This weekend, Romanians will be headed to the polls to vote on the impeachment of a very unpopular President. However a larger judgement will also be rendered on the health of Romanian democratic institutions. The country's Prime Minister has been widely condemned for engineering the vote as a manipulation of power politics.
Romania, with a population of just over 21 million, is another Eastern European country struggling to rise from its subservient role, over 20 years ago, within the communist Soviet Union.
The European Union (and the US) have weighed in on the rough politics, after an EU report on Romania concluded that the country's political elite does not understand how democracy works, an indirect admission that the country should not be in the European Union at all – just five years after it joined.
As the UK Guardian put it, "The political crisis has left many Romanians confused and unsure about how to vote on Sunday. Endemic corruption and disenchantment with the political class have led many to believe that, regardless of the outcome, the referendum is a no-win situation. ... it is a referendum forced by a left-wing government looking to ensure the right-wing head of state faces impeachment charges."
The main figures are Traian Basescu, President of Romania since 2004 with a conservative perspective, while the Prime Minister is a 39-yr old lawyer, Victor Ponta, with clear leftist leanings. As the Guardian article concedes, "Ponta's arrival unleashed brutal trench warfare in Romanian politics; the prime minister is eager to use his ascendancy to settle scores."
President Basescu, has not been successful in working with a string of six Prime Ministers since 2004, and has already been suspended once from his Presidential duties in 2007.

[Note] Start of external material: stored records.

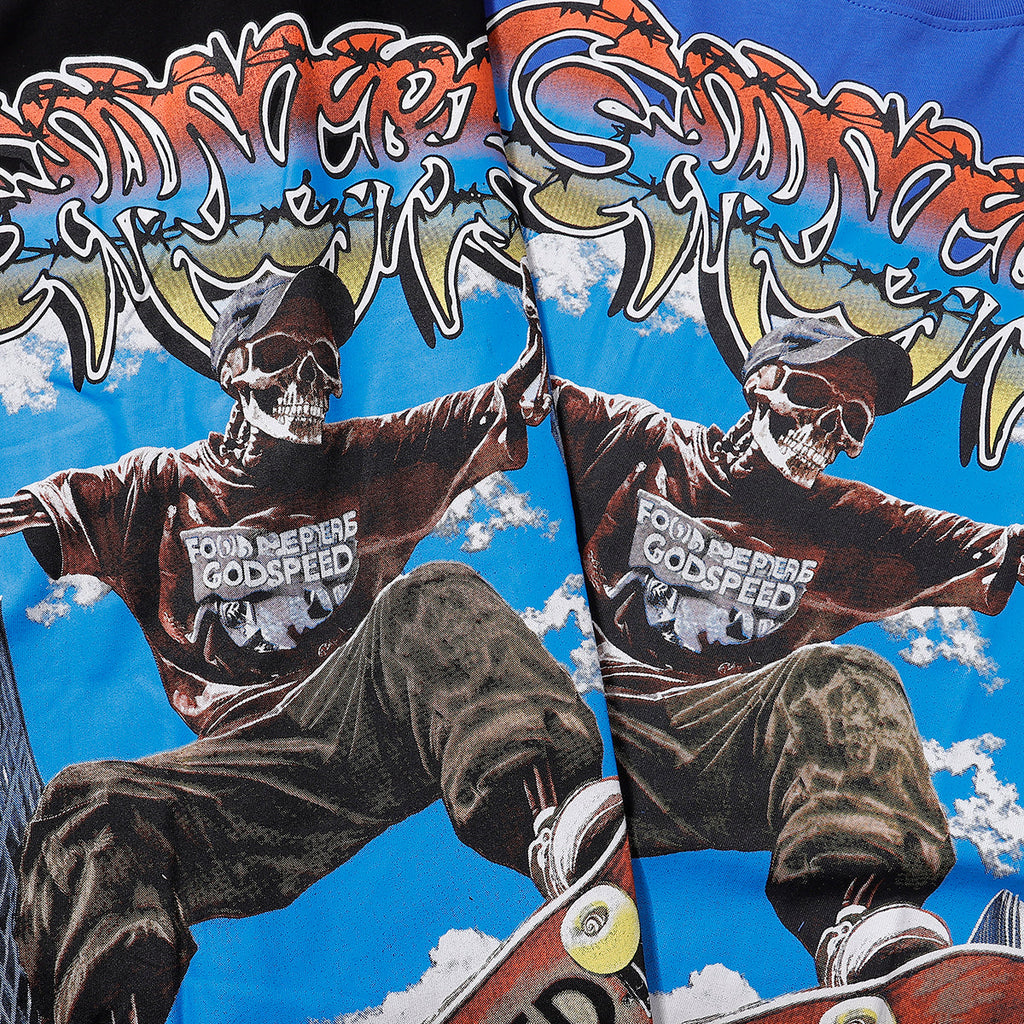 Godspeed T Shirts Urban Skateboard Skull Junior Print Cotton Casual Short Sleeve Men and Women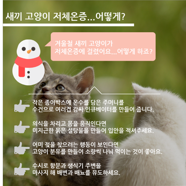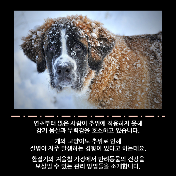 [이지경제] 이민섭 기자 = 연초부터 많은 사람이 추위에 적응하지 못해 감기 몸살과 무력감을 호소하고 있습니다. 개와 고양이도 추위로 인해 질병이 자주 발생하는 경향이 있다고 하는데요. 환절기와 겨울철 가정에서 반려동물의 건강을 보살필 수 있는 관리 방법들을 소개합니다.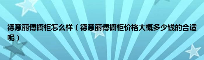 导读 大家好,精选小编来为大家解答以上的问题。德意丽博橱柜怎么样,德意丽博橱柜价格大概多少钱的合适呢很多人还不知道,现在让我们一起来看看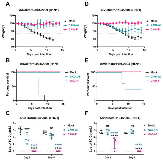 Broad-spectrum protective activity of CA04-F mucosal immunization against H1N1 and H5N1. (A–C) The protective activity of CA04-F mucosal immunization or inactivated CA04 intramuscular immunization against H1N1. Mice immunized with mock, CA04-F mucosal immunization or inactivated CA04 via intramuscular injection were challenged with a lethal dose of A/California/04/2009 to assess the effectiveness of the vaccines. The weight and survival rate of the mice were monitored, and weight curve (A) and survival rate curve (B) were plotted. Lung tissue from the mice was harvested on day 3 and day 5 post-virus infection for the detection of influenza virus titer (C). (D–F) The protective activity of CA04-F mucosal immunization or inactivated CA04 intramuscular immunization against H5N1. The weight and survival rate of the mice were monitored, and the weight curve (D) and survival rate curve (E) were plotted. The titers of the influenza virus in the lung tissues of mice on day 3 and day 5 post virus infection were presented (F). Data are presented as the mean ± s.d. values (n = 5) in (A,D). Statistical analysis was performed by two-way ANOVA in (C,F). ns, no statistical significance; *** p < 0.001; **** p < 0.0001.

Prime Minister Victor Ponta, after just 5 months in office, has also raised alarm bells over his use of powers. One of the major clouds has been charges of plagiarism. The allegations were first brought in June by the British scientific journal Nature, which reported that Ponta copied large portions of his 2003 thesis while at the University of Bucharest. The Romanian National Council for Attestation of University Titles concluded a few days later that the thesis had, indeed, been plagiarised. Ponta responded by rescinding the council's legal authority.
Basescu is unpopular; his rightwing party took a pounding in local elections last month, taking only 15% of the vote. He had over the past 8 years failed to tackle real and perceived corruption within the political system, while his latest push for austerity measures was the basis for Parliament suspending him pending the referendum vote. But the manner in which the new Prime Minister Victor Ponta has waged his war against the president is the reason that Brussels - representing the European Union - has intervened. From another newspaper account, "Ponta felt the full weight of EU wrath after his government took on the Constitutional Court, threatening to replace judges, reduce its powers and ignored one of its decisions ..." in his drive to push Basescu from office.
The second poorest country in Europe, Romania joined the EU with Bulgaria in 2007. Both states were not really viewed as properly fit for entry but admission was seen as a clever geo-political move in the contest with Vladimir Putin's Russia for influence in the Balkans, particularly in countries with historically close ties to Moscow.
Romania has struggled to improve basic infrastructure, such as this degraded country road
So, apparently a number of countries are watching not only Romania's vote on Sunday, but even more closely, the aftermath. If Basescu is impeached, a new presidential election will be held within 3 months, and it is likely that Ponta's left wing party will triumph. Whether that leads to any deeper change from corruption and lack of respect for democratic institutions is now at stake.
Bucharest is Romania's capital, and likely best known city
Several international observers have become concerned over the trajectory of a number of Eastern European countries, freed from Soviet domination in the early 1990s, who are showing signs of slipping back towards more authoritarian governance. A USA Today article recently noted, "The political crisis in Romania could derail years of democratic progress and analysts say that the West must act decisively to arrest backsliding among Eastern European nations such as Hungary and Bulgaria before autocracy makes a comeback. ... The events unfolding in Romania echo events in neighboring Hungary. Earlier this year the Hungarian government implemented a new constitution that limits individual rights, the judiciary and the independence of the central bank. Analysts say more than harsh words from the West are needed to reverse the trend.
The economic downturn is not helping matters. Romania has been forced to cut wages and benefits to public workers, and enact layoffs, opening the way for Ponta to argue that free markets and democratic reforms are not working for Romania."
This is a big world, we happen to have been born into a dominant country, itself part of a prosperous and powerful Western civilization. We're "oversupplied" with news though it may not inform us well. "Six stories from seven continents" is a modest effort to remind ourselves there are snippets, events, and stories from all around the world to hear and learn from... that our awareness is incomplete, and life is breathtakingly more complex and wonderful than we usually imagine.